TASK REQUIREMENTS =>
Exclude the pictures, then repeat exactly each line from the one containing "熊猫整理好的Compose代" to the final line of the records that follow.

GIVEN RECORDS =>
____________________
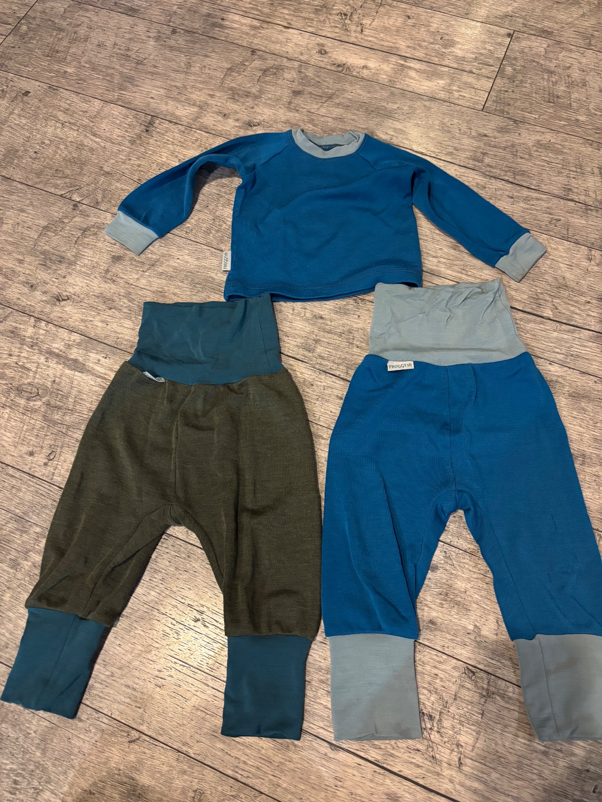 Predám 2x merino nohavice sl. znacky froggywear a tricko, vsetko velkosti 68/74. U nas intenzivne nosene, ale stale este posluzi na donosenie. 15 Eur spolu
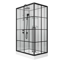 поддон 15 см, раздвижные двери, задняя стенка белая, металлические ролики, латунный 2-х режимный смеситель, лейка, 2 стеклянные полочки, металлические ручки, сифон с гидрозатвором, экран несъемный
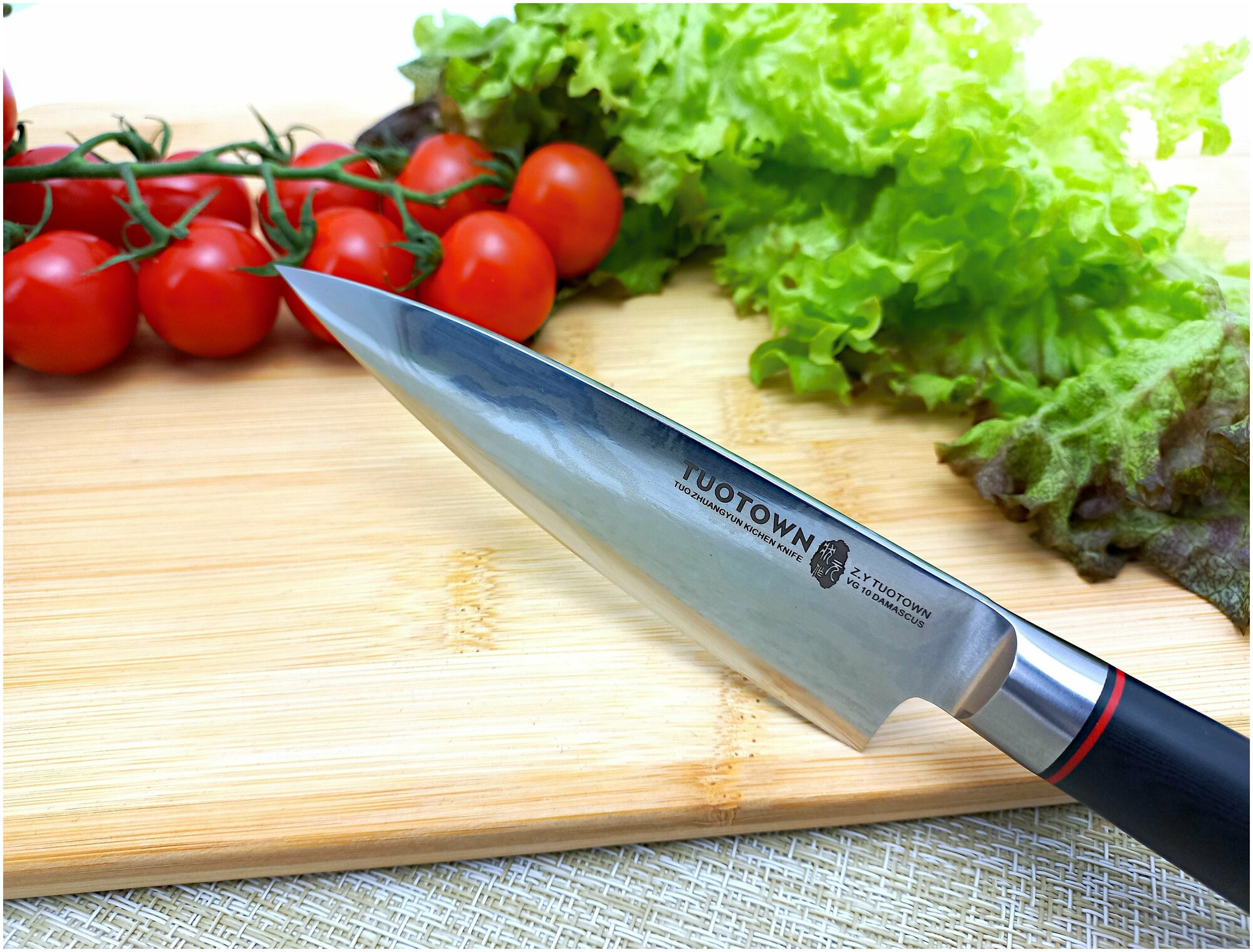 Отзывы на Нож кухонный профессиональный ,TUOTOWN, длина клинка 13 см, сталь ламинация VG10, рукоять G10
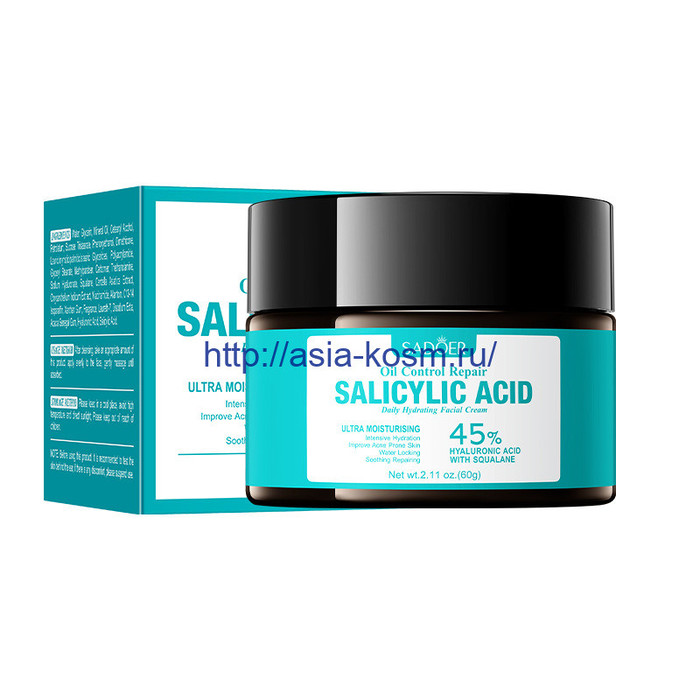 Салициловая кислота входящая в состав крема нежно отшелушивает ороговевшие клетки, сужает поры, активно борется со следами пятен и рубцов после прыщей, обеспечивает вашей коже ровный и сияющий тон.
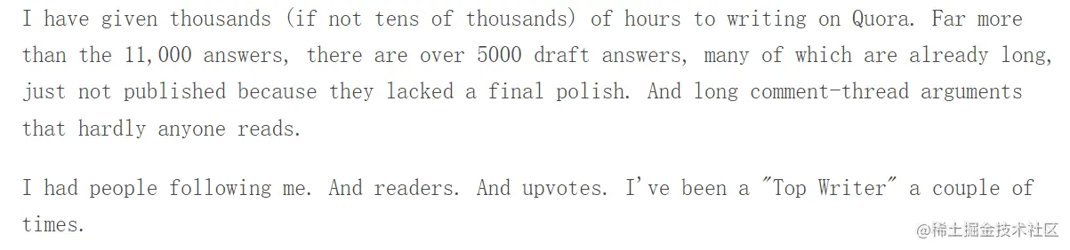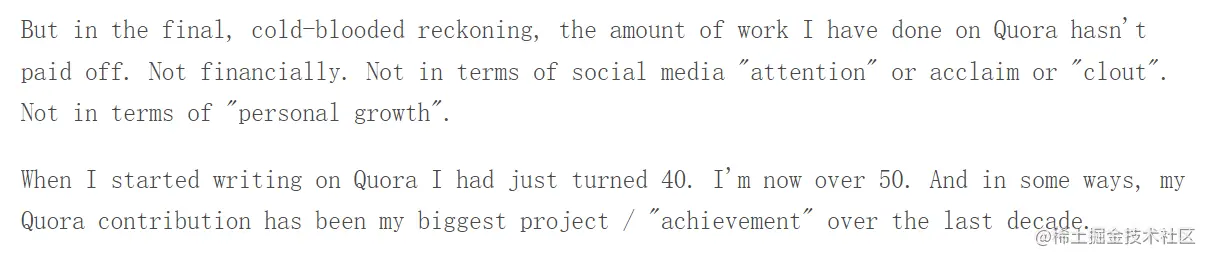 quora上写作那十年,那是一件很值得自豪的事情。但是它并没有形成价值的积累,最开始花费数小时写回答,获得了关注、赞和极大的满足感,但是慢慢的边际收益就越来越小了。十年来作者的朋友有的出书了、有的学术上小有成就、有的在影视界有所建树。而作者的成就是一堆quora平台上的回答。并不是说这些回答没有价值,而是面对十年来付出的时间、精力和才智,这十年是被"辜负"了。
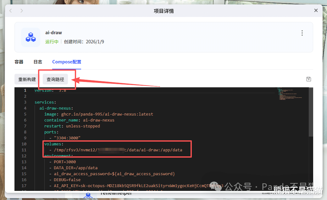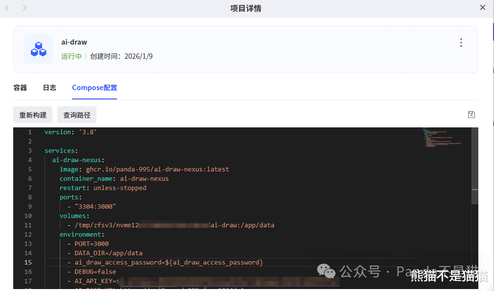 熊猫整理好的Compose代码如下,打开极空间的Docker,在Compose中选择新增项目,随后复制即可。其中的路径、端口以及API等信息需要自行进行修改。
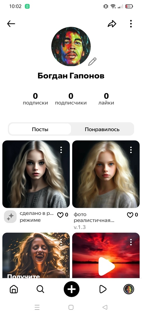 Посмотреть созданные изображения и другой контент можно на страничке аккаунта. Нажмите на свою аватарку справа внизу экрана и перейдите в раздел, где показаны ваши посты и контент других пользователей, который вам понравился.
____________________
THE COMPLETED TASK =>
 熊猫整理好的Compose代码如下,打开极空间的Docker,在Compose中选择新增项目,随后复制即可。其中的路径、端口以及API等信息需要自行进行修改。
 Посмотреть созданные изображения и другой контент можно на страничке аккаунта. Нажмите на свою аватарку справа внизу экрана и перейдите в раздел, где показаны ваши посты и контент других пользователей, который вам понравился.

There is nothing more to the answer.